##### PROVIDED INFORMATION

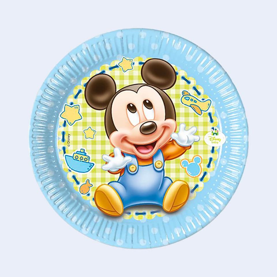 Assiettes jetables Mickey Baby 19,5 cm, 6 pièces, vaisselle de fête pour enfants, célébration d'anniversaire
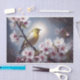 Transforme móveis comuns em tesouros inspirados na primavera com este design radiante de mariquita e flor de cerejeira. Esta peça oferece uma perspectiva mais próxima e íntima da mariquita amarela entre flores de cerejeira totalmente floridas, com cores mais profundas e ricas do que sua peça companheira. A obra de arte captura magistralmente a interação de luz e sombra, com o pássaro parecendo brilhar contra um fundo azul escuro enquanto está cercado por flores imaculadas com centros rosa profundo. Cada pétala é renderizada com clareza cristalina, mostrando veias delicadas e transições de cor sutis.
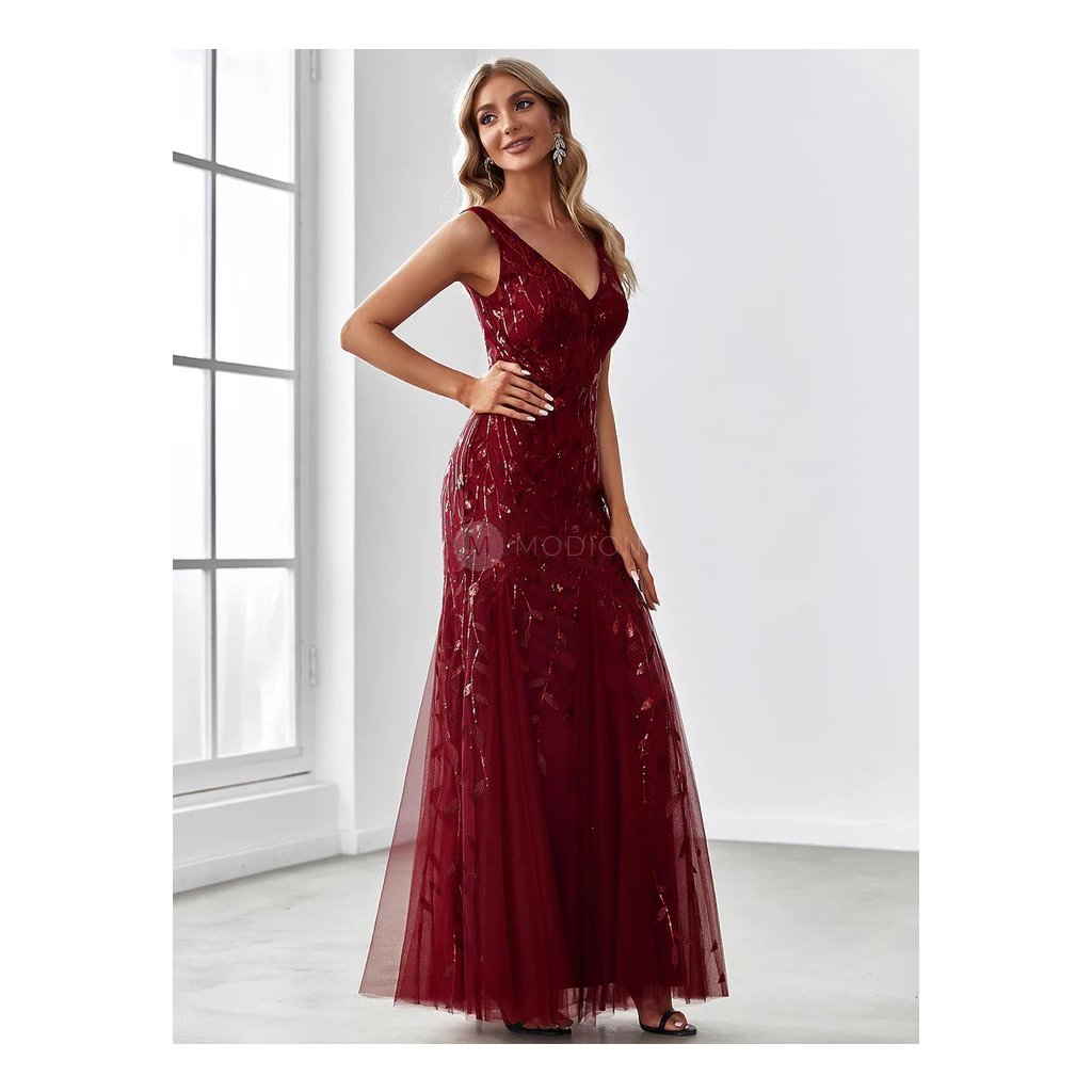 Vínové společenské šaty působí výrazně a elegantně. Výstřih do V a tenká ramínka zvýrazní dekolt i ramena, zatímco vypasovaný střih opticky zeštíhlí a podtrhne ženskou postavu. Rozšířená tylová sukně v délce až na zem dodává šatům noblesu a lehkost při pohybu. Celoplošné flitrové zdobení v tónu látky přidává šatům jedinečný třpyt, díky kterému budete zářit na maturitním plese, svatbě, galavečeru i významných společenských událostech.
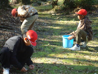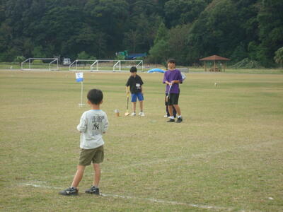 交流内容は、1年生が考え作成したゲームや作るものでした。松ぼっくりや紙コップを使って物を作ったり、空気を利用した卓上サッカーゲーム、松ぼっくりの輪ゴム弓矢で紙コップタワーあて、よくバカと呼んでいる植物の実(本当はオナモミ)を的に当てるゲームなどを準備して遊びを通して交流しました。
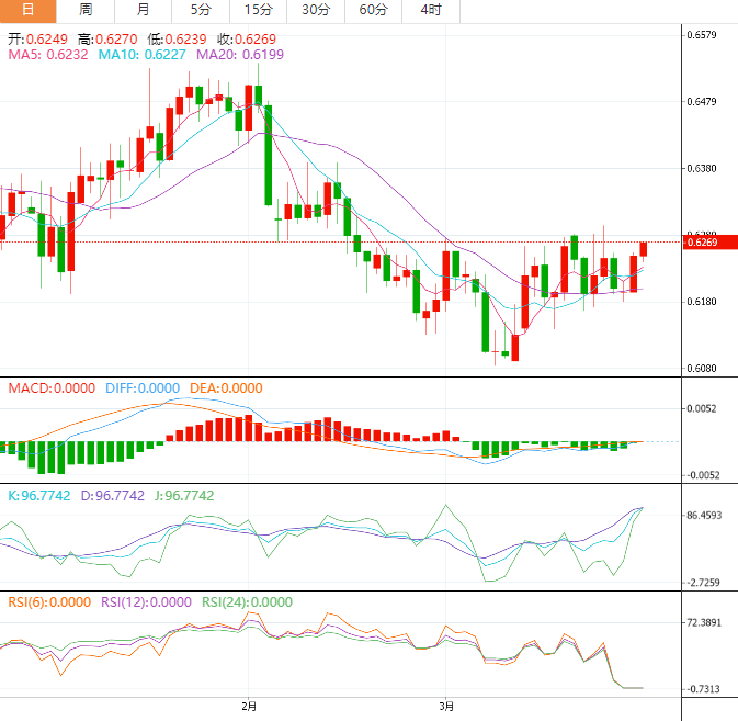 阻力位:0.6274 0.6295 0.6335

##########

■ WHAT THE TASK ASKS
Verbatim output, no pictures: the line holding "Vínové společenské šaty" and all lines after it through the last line of the material, with nothing else.

■ ANSWER
 Vínové společenské šaty působí výrazně a elegantně. Výstřih do V a tenká ramínka zvýrazní dekolt i ramena, zatímco vypasovaný střih opticky zeštíhlí a podtrhne ženskou postavu. Rozšířená tylová sukně v délce až na zem dodává šatům noblesu a lehkost při pohybu. Celoplošné flitrové zdobení v tónu látky přidává šatům jedinečný třpyt, díky kterému budete zářit na maturitním plese, svatbě, galavečeru i významných společenských událostech.
 交流内容は、1年生が考え作成したゲームや作るものでした。松ぼっくりや紙コップを使って物を作ったり、空気を利用した卓上サッカーゲーム、松ぼっくりの輪ゴム弓矢で紙コップタワーあて、よくバカと呼んでいる植物の実(本当はオナモミ)を的に当てるゲームなどを準備して遊びを通して交流しました。
 阻力位:0.6274 0.6295 0.6335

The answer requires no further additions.